-- Opening Marker --
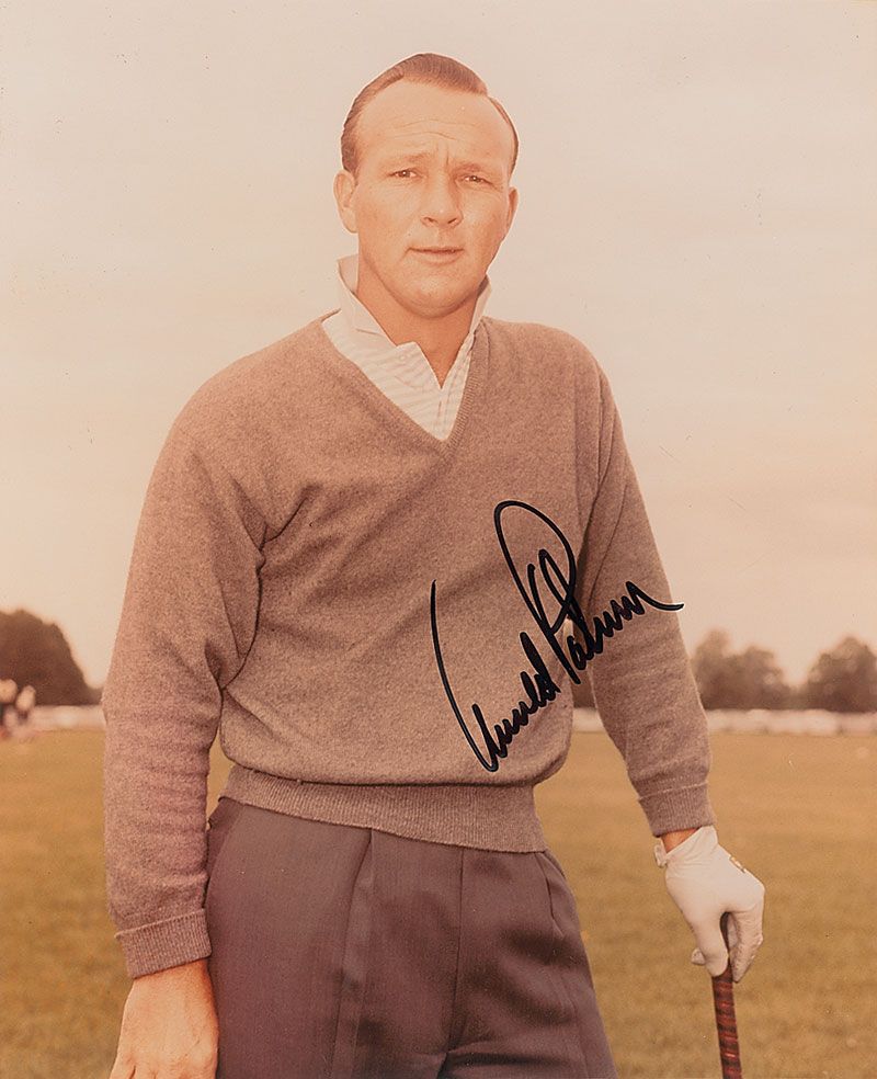 Color glossy 8 x 10 photo of Palmer on the course, signed in black felt tip. In very fine condition.
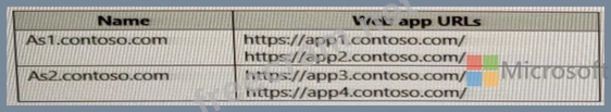 Two listeners, one for each unique HTTP host header (app1.contoso.com and app2.contoso.com) to differentiate between the web apps hosted on the Azure App Service instances.
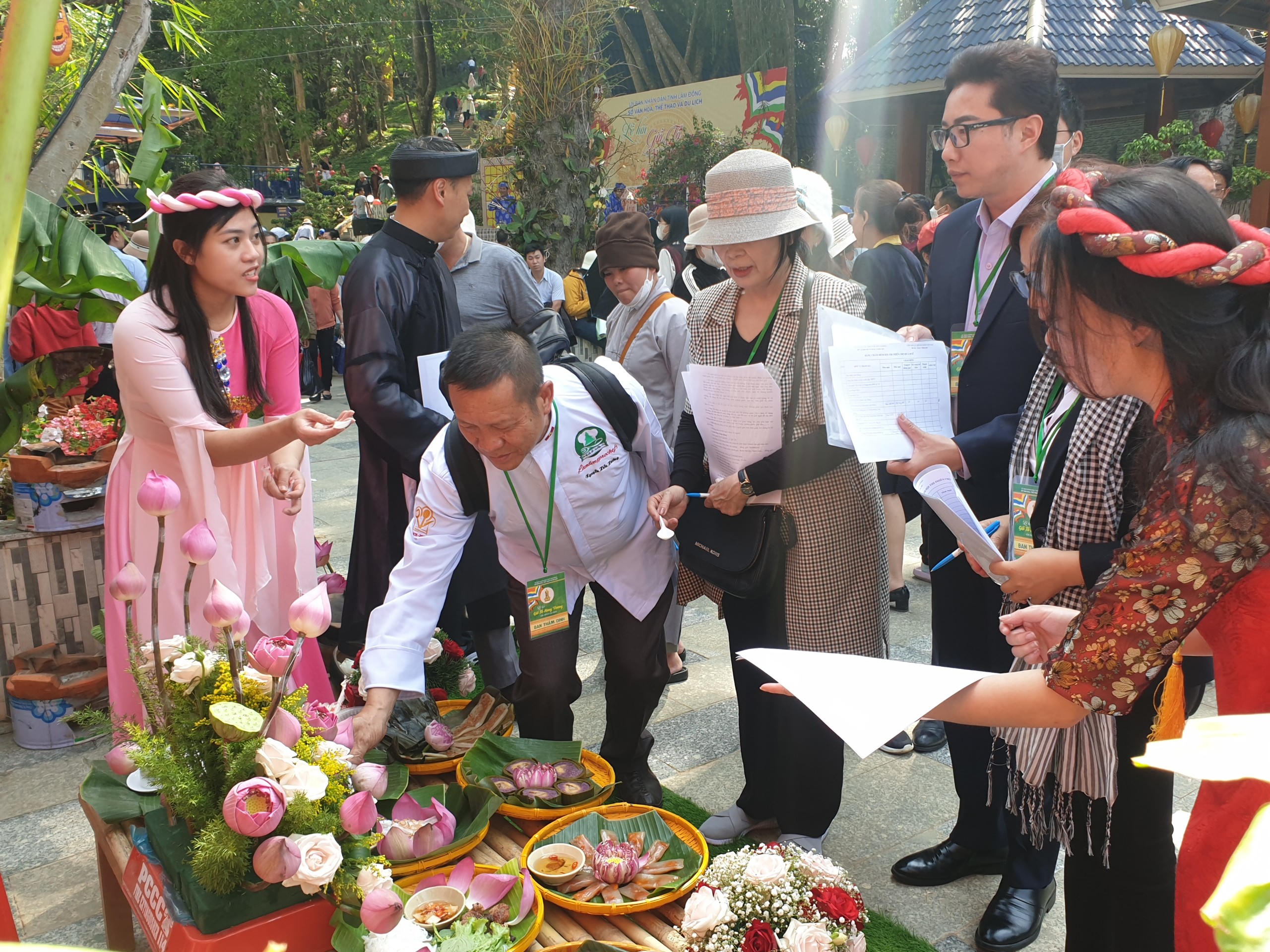 Ban tổ chức chấm điểm gian hàng ẩm thưc. |
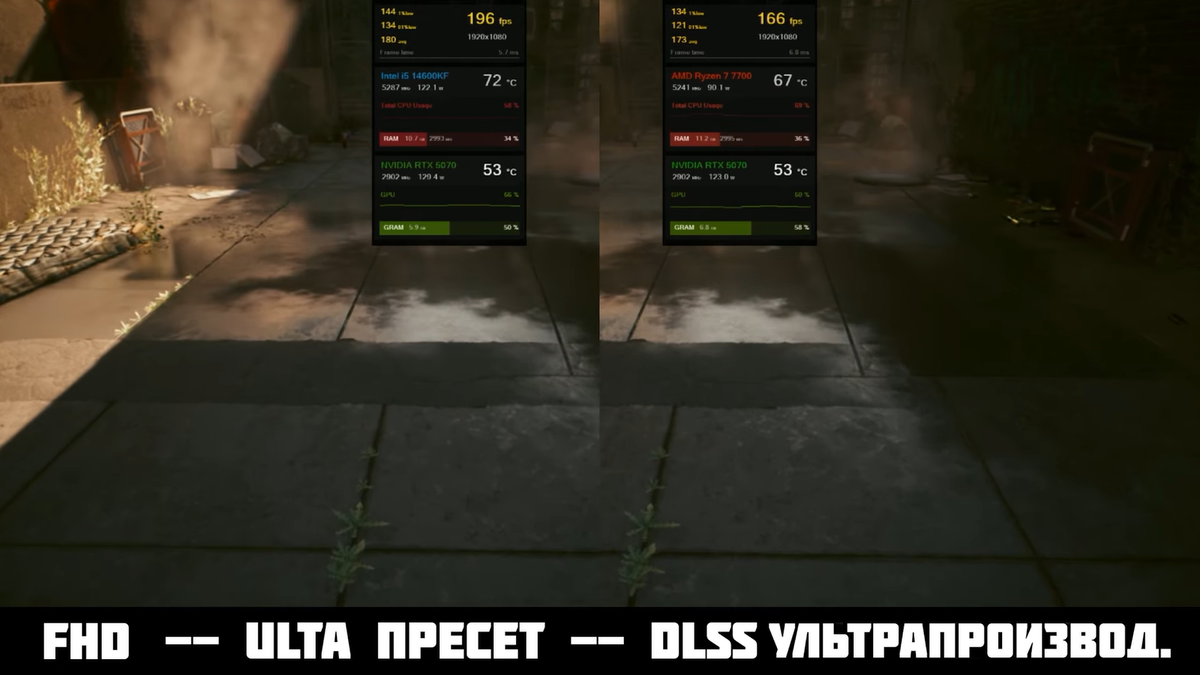 В одном из выпусков на YouTube-канале Power-Art рассказали, чего стоит ожидать в играх от Ryzen 7 7700 и i5-14600KF, а также какой из них лучше покупать. i5-14600KF в целом лучше себя показывает в рабочих задачах, в мультипотоке. Однако апгрейда почти нет и нужна мощная система охлаждения. Что касается Ryzen 7 7700, то он хуже подходит для работы, но легко апгрейдится, лучше в однопотоке. Тестовый стенд включал RTX 5070, кулер ID-Cooling Frozn A610 ARGB, оперативную память 32 ГБ 6000 МГц ADATA XPG Lancer Blade Black. Cyberpunk 2077 шёл в 1080р с ультра-пресетом, DLSS на ультрапроизводительности. В этом случае Intel обогнал AMD на 5-7% по средней частоте кадров. При переходе в 1440р с ультра-графикой, DLSS Off, RTX Off производительность стала почти одинаковой. То же самое касается ситуации с DLSS Quality. Если в QHD поставить ультра-пресето, DLSS On, RTX On, то вновь будет схожий результат. Игра Kingdom Come: Deliverance II запускалась в 1080р с ультра-графикой, DLSS на максимальной пр
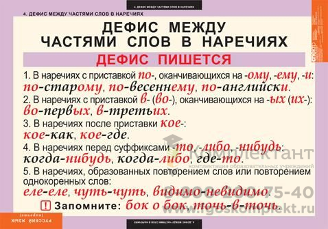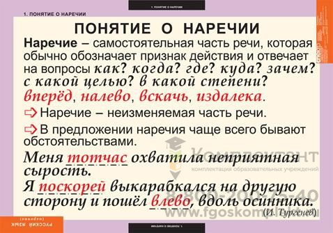 Комплект таблиц Русский язык Наречие (6 шт 68х98)
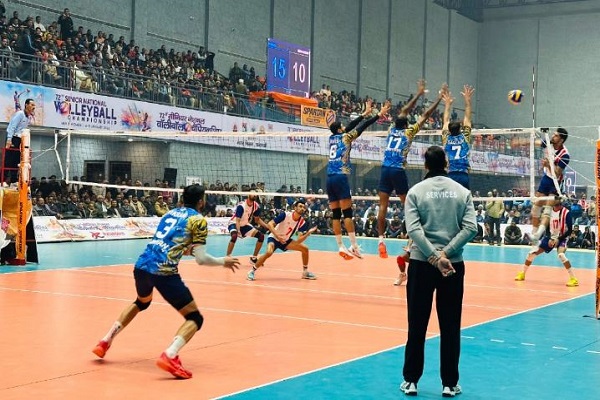 डॉ. संपूर्णानंद स्पोर्ट्स स्टेडियम (सिगरा) में नगर निगम के सहयोग से वाराणसी में पहली बार आयोजित प्रतियोगिता के सातवें दिन देर शाम पुरुष वर्ग के पहले सेमीफाइलन में रेलवे ने जबर्दस्त संघर्ष के बीच 3-2(22-25, 25-23, 21-25, 25-17, 15-13) की जीत हासिल की और गत उपजेता सर्विसेज की चुनौती तोड़ दी। फाइनल में रेलवे की टक्कर केरल से होगी, जिसने दिन के अंतिम सेमीफाइनल में पंजाब को सीधे सेटो में 3-0(25-23, 25-23, 25-22) से परास्त किया।
-- Closing Marker --
» What to work on: Pictures are to be left out. Everything else in the records must be written out exactly.

» Exercise answer:
 Color glossy 8 x 10 photo of Palmer on the course, signed in black felt tip. In very fine condition.
 Two listeners, one for each unique HTTP host header (app1.contoso.com and app2.contoso.com) to differentiate between the web apps hosted on the Azure App Service instances.
 Ban tổ chức chấm điểm gian hàng ẩm thưc. |
 В одном из выпусков на YouTube-канале Power-Art рассказали, чего стоит ожидать в играх от Ryzen 7 7700 и i5-14600KF, а также какой из них лучше покупать. i5-14600KF в целом лучше себя показывает в рабочих задачах, в мультипотоке. Однако апгрейда почти нет и нужна мощная система охлаждения. Что касается Ryzen 7 7700, то он хуже подходит для работы, но легко апгрейдится, лучше в однопотоке. Тестовый стенд включал RTX 5070, кулер ID-Cooling Frozn A610 ARGB, оперативную память 32 ГБ 6000 МГц ADATA XPG Lancer Blade Black. Cyberpunk 2077 шёл в 1080р с ультра-пресетом, DLSS на ультрапроизводительности. В этом случае Intel обогнал AMD на 5-7% по средней частоте кадров. При переходе в 1440р с ультра-графикой, DLSS Off, RTX Off производительность стала почти одинаковой. То же самое касается ситуации с DLSS Quality. Если в QHD поставить ультра-пресето, DLSS On, RTX On, то вновь будет схожий результат. Игра Kingdom Come: Deliverance II запускалась в 1080р с ультра-графикой, DLSS на максимальной пр
 Комплект таблиц Русский язык Наречие (6 шт 68х98)
 डॉ. संपूर्णानंद स्पोर्ट्स स्टेडियम (सिगरा) में नगर निगम के सहयोग से वाराणसी में पहली बार आयोजित प्रतियोगिता के सातवें दिन देर शाम पुरुष वर्ग के पहले सेमीफाइलन में रेलवे ने जबर्दस्त संघर्ष के बीच 3-2(22-25, 25-23, 21-25, 25-17, 15-13) की जीत हासिल की और गत उपजेता सर्विसेज की चुनौती तोड़ दी। फाइनल में रेलवे की टक्कर केरल से होगी, जिसने दिन के अंतिम सेमीफाइनल में पंजाब को सीधे सेटो में 3-0(25-23, 25-23, 25-22) से परास्त किया।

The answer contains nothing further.